NJ State Police Seeking Diverse Applicants; NAACP Remains Skeptical
BLACKWOOD, N.J. (CBSNewYork/AP) — The New Jersey State Police announced Thursday it would start accepting job applications in May for its next class of troopers for the first time in more than two years.
They are also undertaking an outreach effort to encourage applicants from diverse backgrounds.
The state police have fielded criticism from the NAACP for not hiring more minorities in the past. New Jersey NAACP President James Harris said he sees the outreach effort as an opportunity to correct that, but would wait to see if it pans out.

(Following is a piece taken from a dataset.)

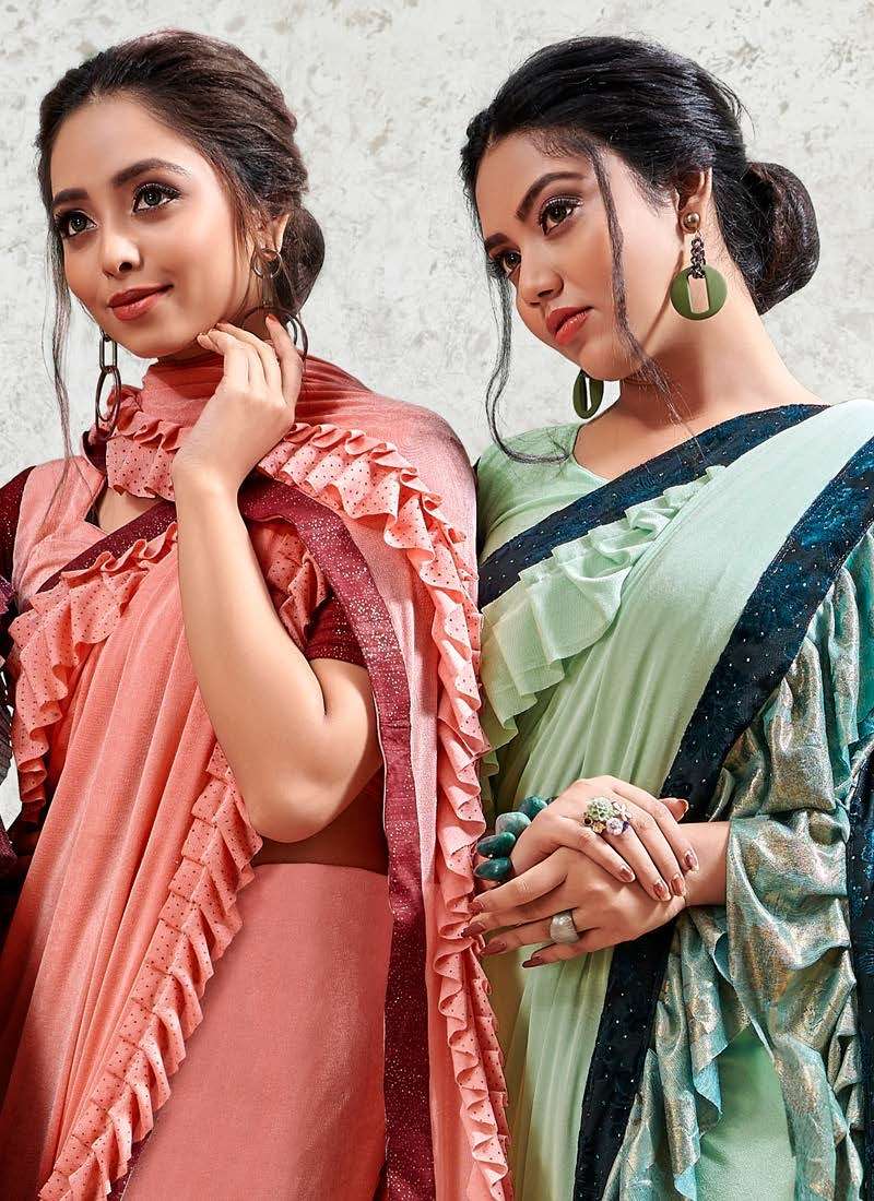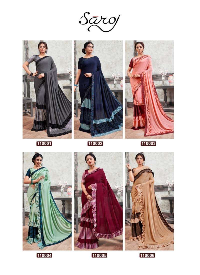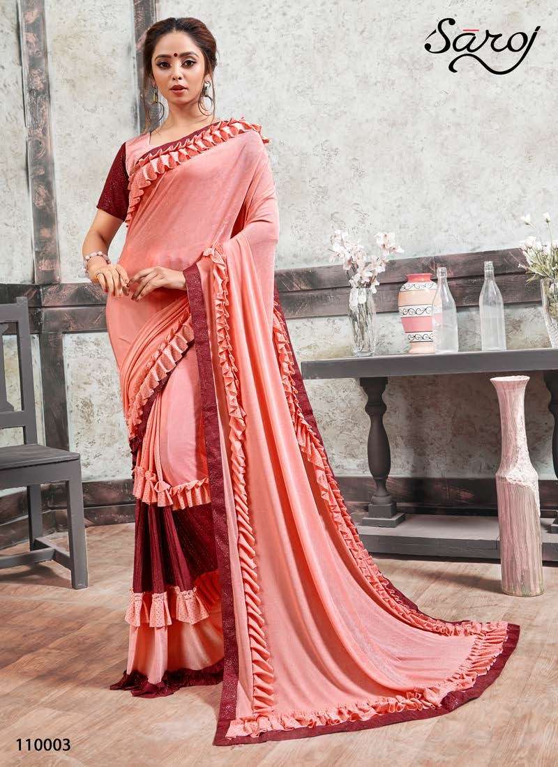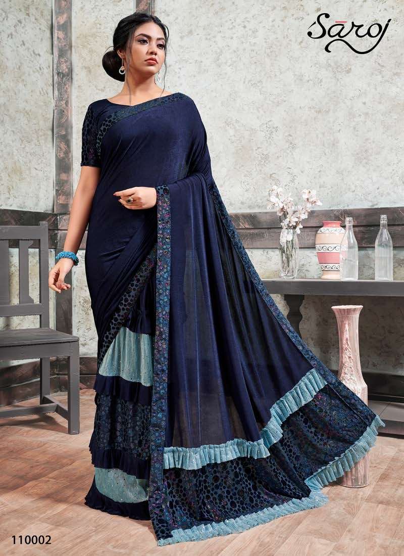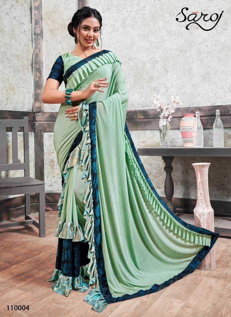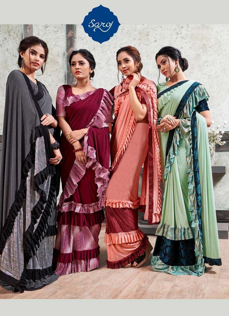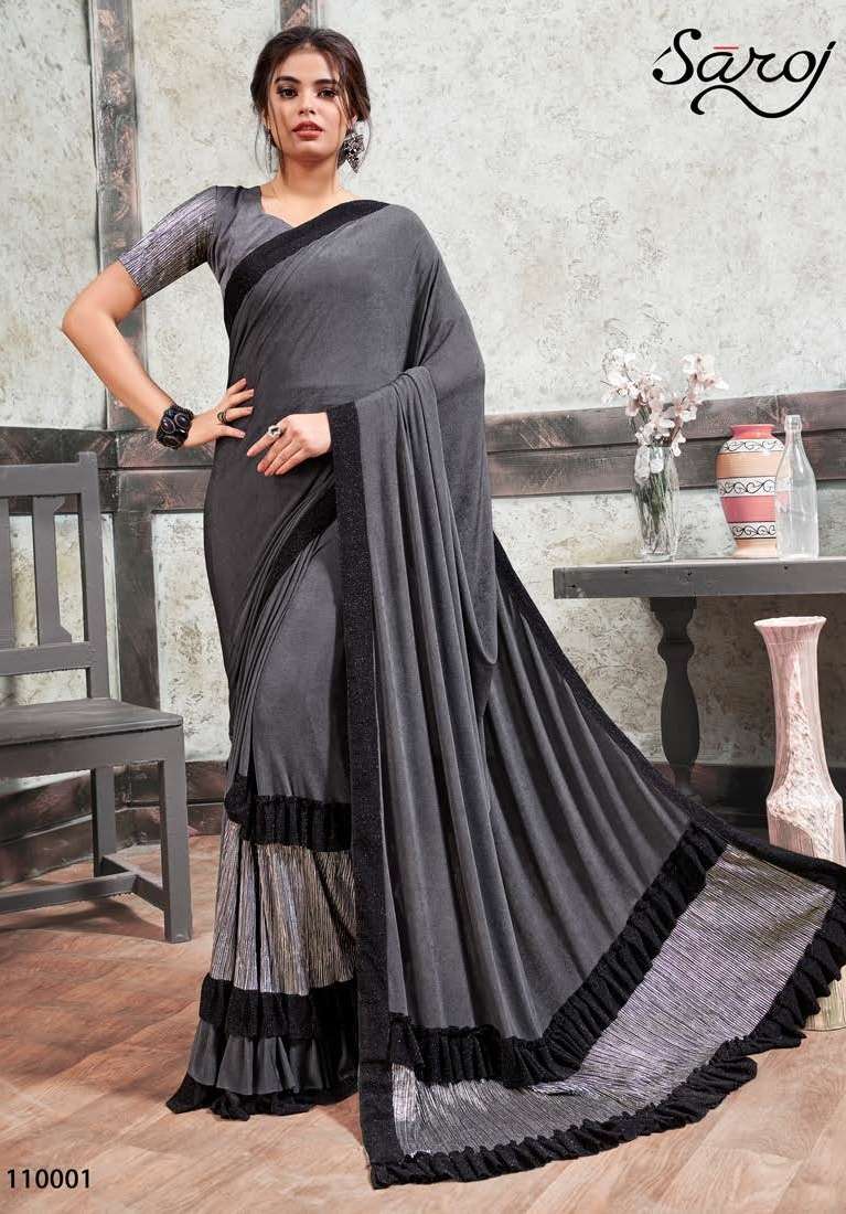 MIRROR LOOK SAREE BY SAROJ DESIGNER PARTY WEAR LYCRA SAREES ARE AVAILABLE AT WHOLESALE PRICE
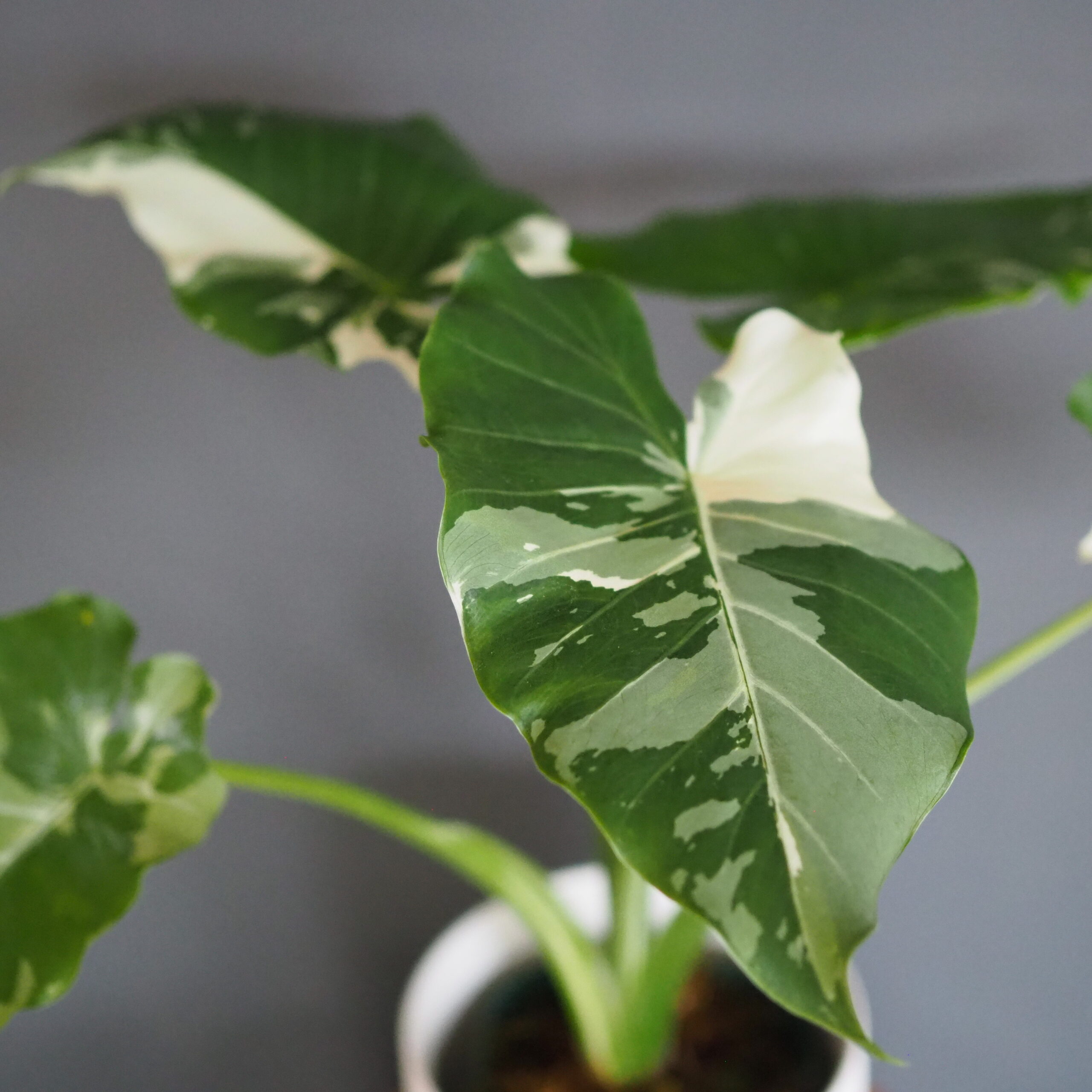 写真のものは斑入りの種類で通常のクワズイモよりも希少価値が高く、

Whites make up 82 percent of the nearly 2,800 troopers in the state. Blacks make up 6 percent and Hispanics 9 percent. But of all New Jersey residents, 68 percent are white, 13 percent are black and 18 percent are Hispanic.
Harris has recommended the state police hire local police who have been laid off in recent years, many of whom are minorities, to fill the two classes totaling 225 troopers.
“We know that will work, but whether or not they’ll do that is what we’re waiting to see,” Harris said.
Harris also praised the state police for working with his group to recruit minorities, noting that they have co-hosted several events in recent weeks. But he also said the state police have struggled with racial profiling. He said greater diversity in the force would help address that.
Officer Julian Castellanos, head of the state police recruiting unit, said the force should ideally mirror the state population. And State Police Superintendent Col. Rick Fuentes said working with minority leaders and recruiting aggressively is the best way to achieve that goal, along with advertising on the radio and in newspapers.
“We have a diverse population in the state, and it’s important to be able to connect with the people they serve,” Castellanos said.
But officials said changing the force’s demographics won’t be accomplished by changing the requirements or giving special consideration to minority applicants.
“We haven’t done that and we’re not going to do it,” Fuentes said. “We have a very good candidate who comes across the stage at the end and our hope is we’re going to recruit increasingly diverse classes.”
Harris said there’s no reason the next class of recruits shouldn’t be more diverse than the last, which had only five black officers out of 123 new recruits.
“We have to see if they’re committed and effective in getting those people into the academy,” he said. “The dog-and-pony show is not going to impress us.”
Applications will be accepted online May 7-29 at NJTrooper.com. Applications have not been accepted since February 2010.